(Items listed in a dataset)
===

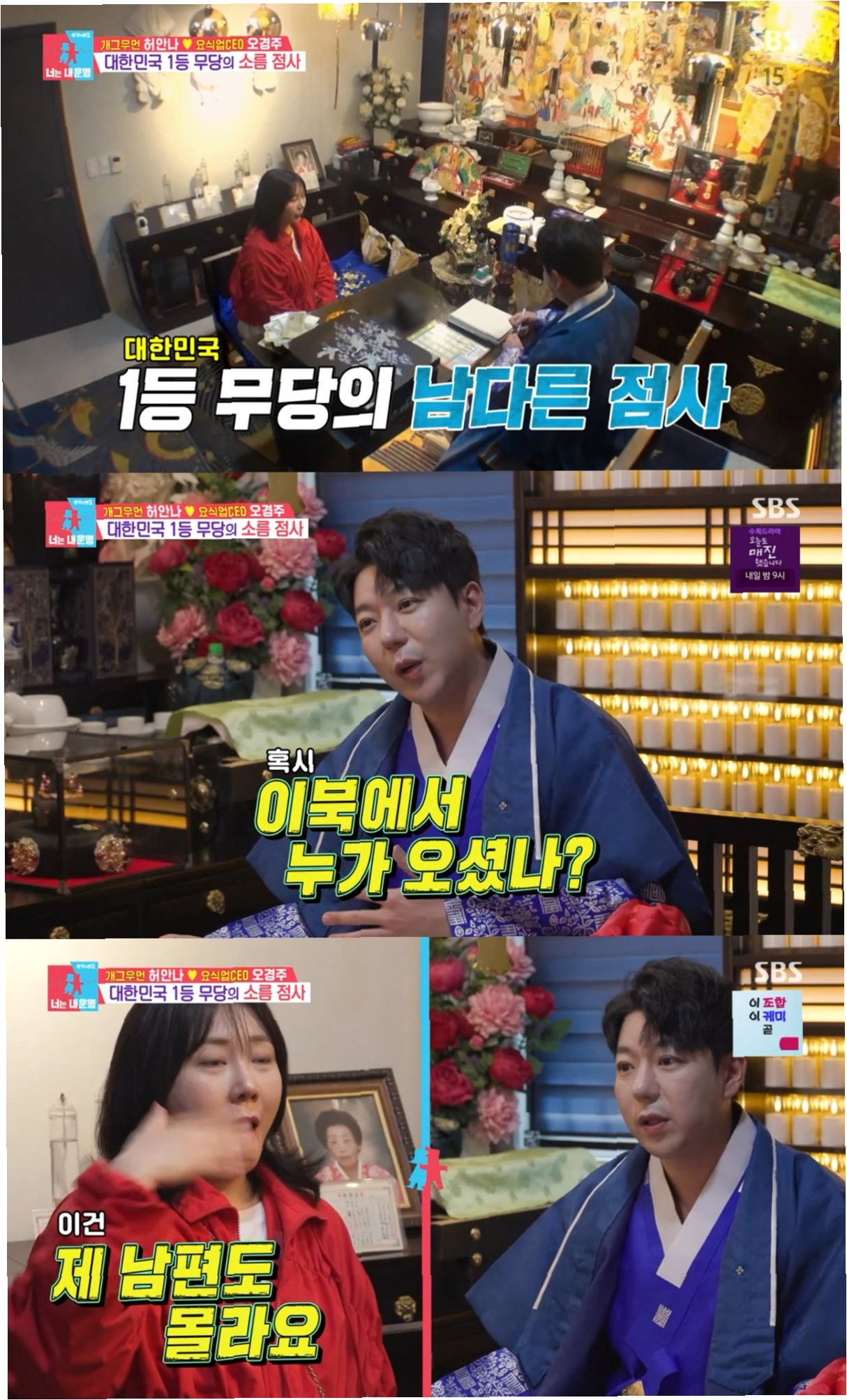 개그우먼 허안나가 세상을 떠난 친언니를 떠올리며 눈물을 쏟았습니다. SBS 예능프로그램 '동상이몽 시즌2-너는 내 운명'에 출연한 허안나, 오경주 부부는 무속인 윤대만을 찾았습니다. 윤대만은 허안나의 집안 내력과 함께 그녀가 겪었던 어려움을 정확히 짚어내며 놀라움을 안겼습니다. 특히, 3~4년 전부터 닥친 삼재로 인해 많은 변화와 어려움이 있었음을 언급하며, 겉으로는 밝아 보이지만 혼자 울 일이 많았을 것이라고 다독였습니다.
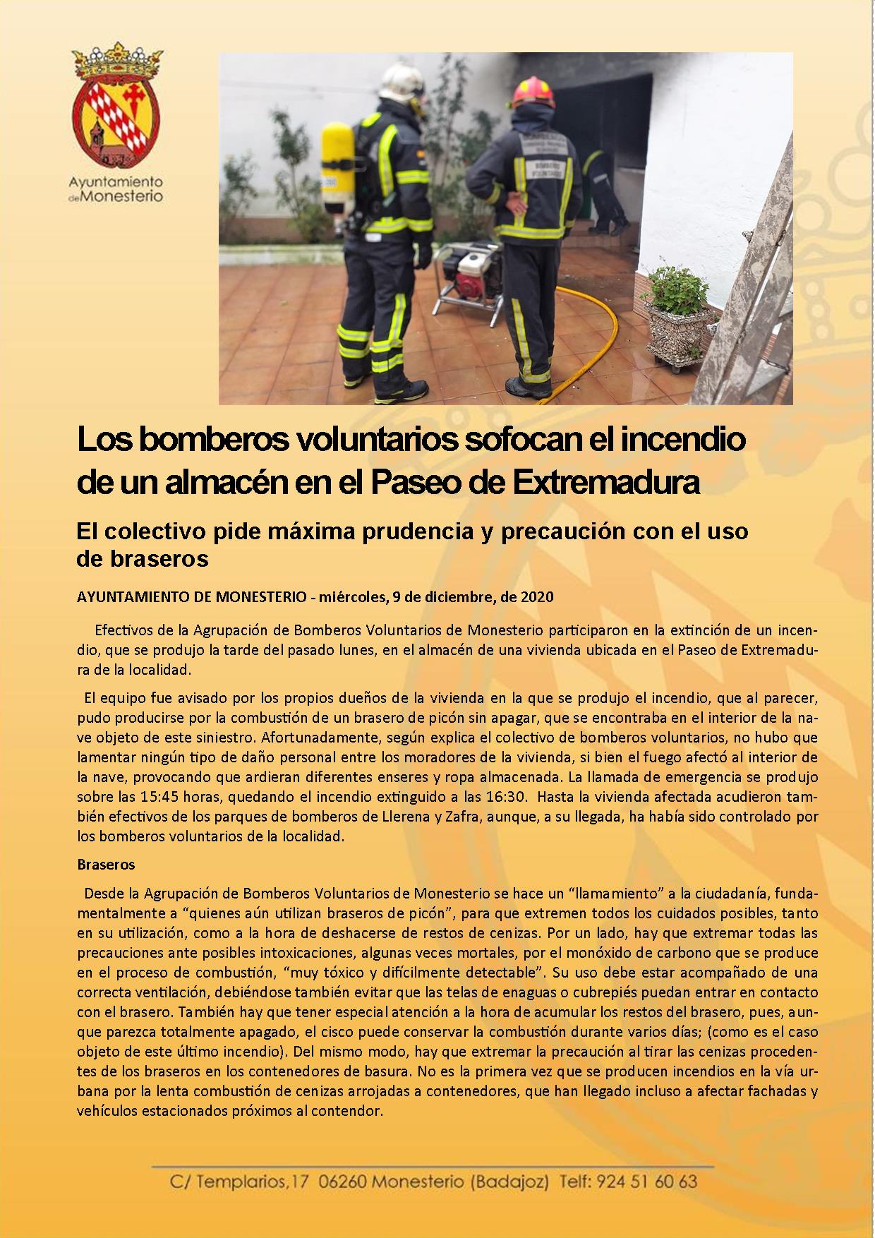 Los.bomberos voluntarios sofocan el incendio en un almacén del Paseo de Extremadura
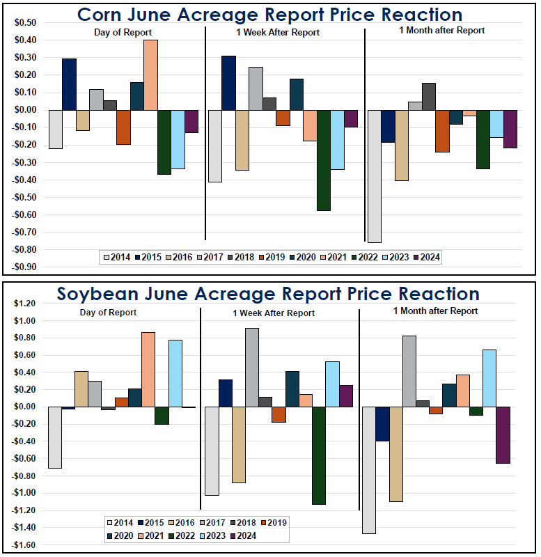 Going into Monday’s annual USDA Crop Acreage report, the corn futures market seems to be factoring in an increase in corn plantings over the March intentions of 95.3 million acres, although on average, the trade expects almost no change. Trade expectations in a Bloomberg survey of 31 analysts average 95.4 million acres. History strongly favors an increase in corn acres from the March intentions. The June corn acreage total has come in above the March intentions eight of the past 10 years, and 16 of the past 20. Corn acreage has also exceeded trade expectations in seven of the past 10 years, and 13 of the past 20. The June acreage has been more than 2% above the average of trade expectations five times in 20 years, but the rise in acreage from March to June has exceeded 2% only three times – in 2007, 2009 and 2023. June corn acreage fell more than 2% below the March intentions and trade expectations only once – in 2020. So, all in all, it would seem that odds of a big surprise for the corn market in the Crop Acreage report are actually low.
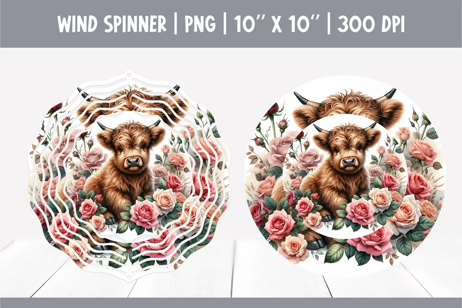 Baby HIghland Cow Spring Flowers Wind Spinner Sublimation Design PNG | Roses
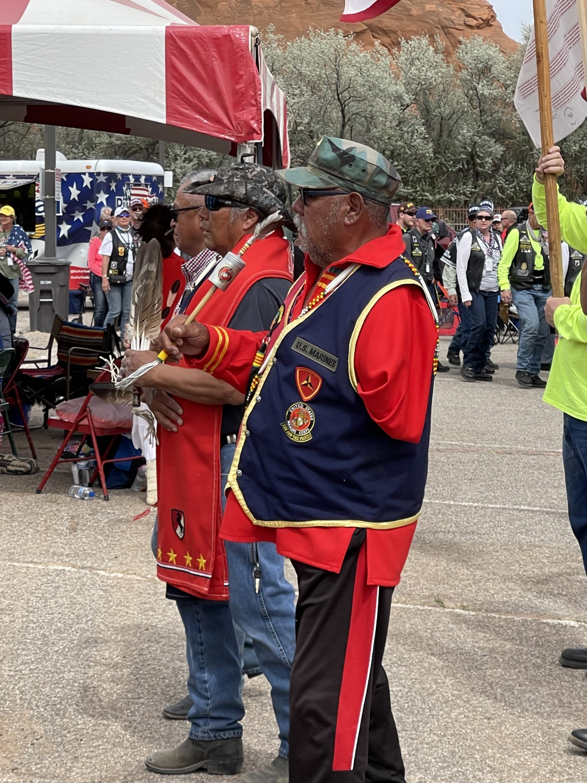 There are many moments of patriotism on display each day that cause riders to well up with emotion. For this SitRep Writer, there were several. One was upon entry to the State Capitol when a US Marine Sergeant held his salute for all of us as we rode in but that isn’t all, a young man, who has been coming out to see us since he was a toddler was also there doing the same. That young man, if I have my notes straight, is now 19 years old. Thank you both for showing us such honor. The second was as we were passing along our route to Rainelle. There were countless people out waving flags or recording videos of us as we rode by. It was one of these groups all dressed in yellow shirts lined up perfectly spaced and one holding a US flag while all the others (I’m estimating them to be about 20 strong in number) were saluting. It was obvious they represented a local military-affiliated service organization but we were moving too fast for me to identify which one. There is a photo in the image gallery below of the group just after they stopped saluting. Maybe you’ll recognize yourselves or someone you know. The last moment was at the school with the students. The Principal, Kim Tincher, had her students lead us in the Pledge of Allegiance and then one of the classes sang the National Anthem. Hearing the wonderful voices of this school pledging allegiance to the flag in unison with the veterans, many of them combat veterans, who fought for the freedoms to make this day possible, had me welling with pride for our nation and the future of our children so much that I was hardly able to mumble out the words.
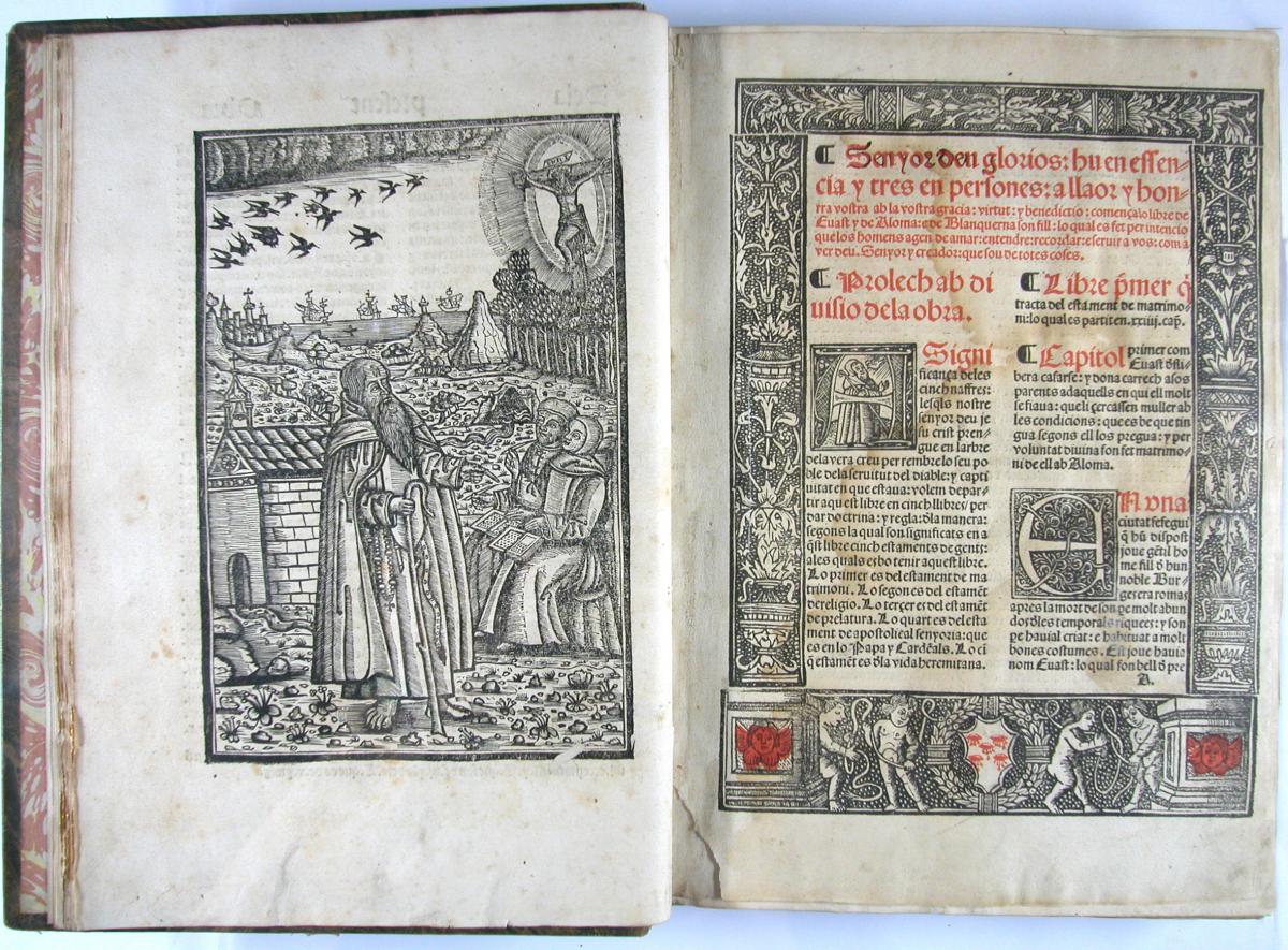 Primera edició sencera del Blanquerna (fins ara només s’havia imprès la seva 5ª part, Libre de Amic e Amat) i primera edició en català de gran qualitat tipogràfica. La portada amb frontispici barroc conté làmines gòtiques amb estranys ocells molt grans que es troben en altres edicions del mateix impressor.
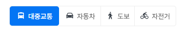 길찾기 기능을 선택하면 '대중교통', '자동차', '도보', '자전거'의 이동 수단 선택 기능이 있습니다. 가장 먼저 이동 수단을 선택합니다.이동 수단에 맞는 경로를 안내받기 위해서 입니다.
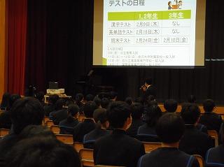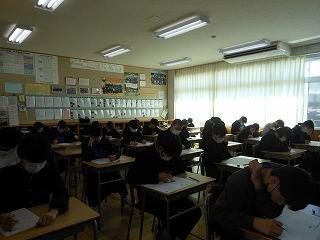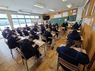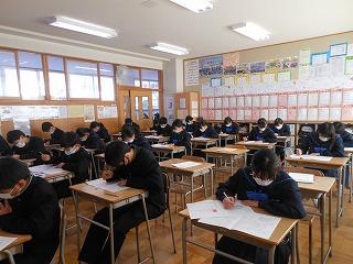 金曜日は1・2年生の3学期期末テストです。今日はそれに先立って、1年生は保健体育と家庭のテストを、2年生は技術のテストを行いました。3学期は定期テストが1回しかないため、期末テストで学習の成果を発揮できるよう、明日の祝日も大切に使いたいですね。

===

Your objective: Your task is to transcribe, exactly and without additions, every line from the one that contains "Primera edició sencera" to the end of the entries above, both included. Omit all pictures.

Reply to the exercise:
 Primera edició sencera del Blanquerna (fins ara només s’havia imprès la seva 5ª part, Libre de Amic e Amat) i primera edició en català de gran qualitat tipogràfica. La portada amb frontispici barroc conté làmines gòtiques amb estranys ocells molt grans que es troben en altres edicions del mateix impressor.
 길찾기 기능을 선택하면 '대중교통', '자동차', '도보', '자전거'의 이동 수단 선택 기능이 있습니다. 가장 먼저 이동 수단을 선택합니다.이동 수단에 맞는 경로를 안내받기 위해서 입니다.
 金曜日は1・2年生の3学期期末テストです。今日はそれに先立って、1年生は保健体育と家庭のテストを、2年生は技術のテストを行いました。3学期は定期テストが1回しかないため、期末テストで学習の成果を発揮できるよう、明日の祝日も大切に使いたいですね。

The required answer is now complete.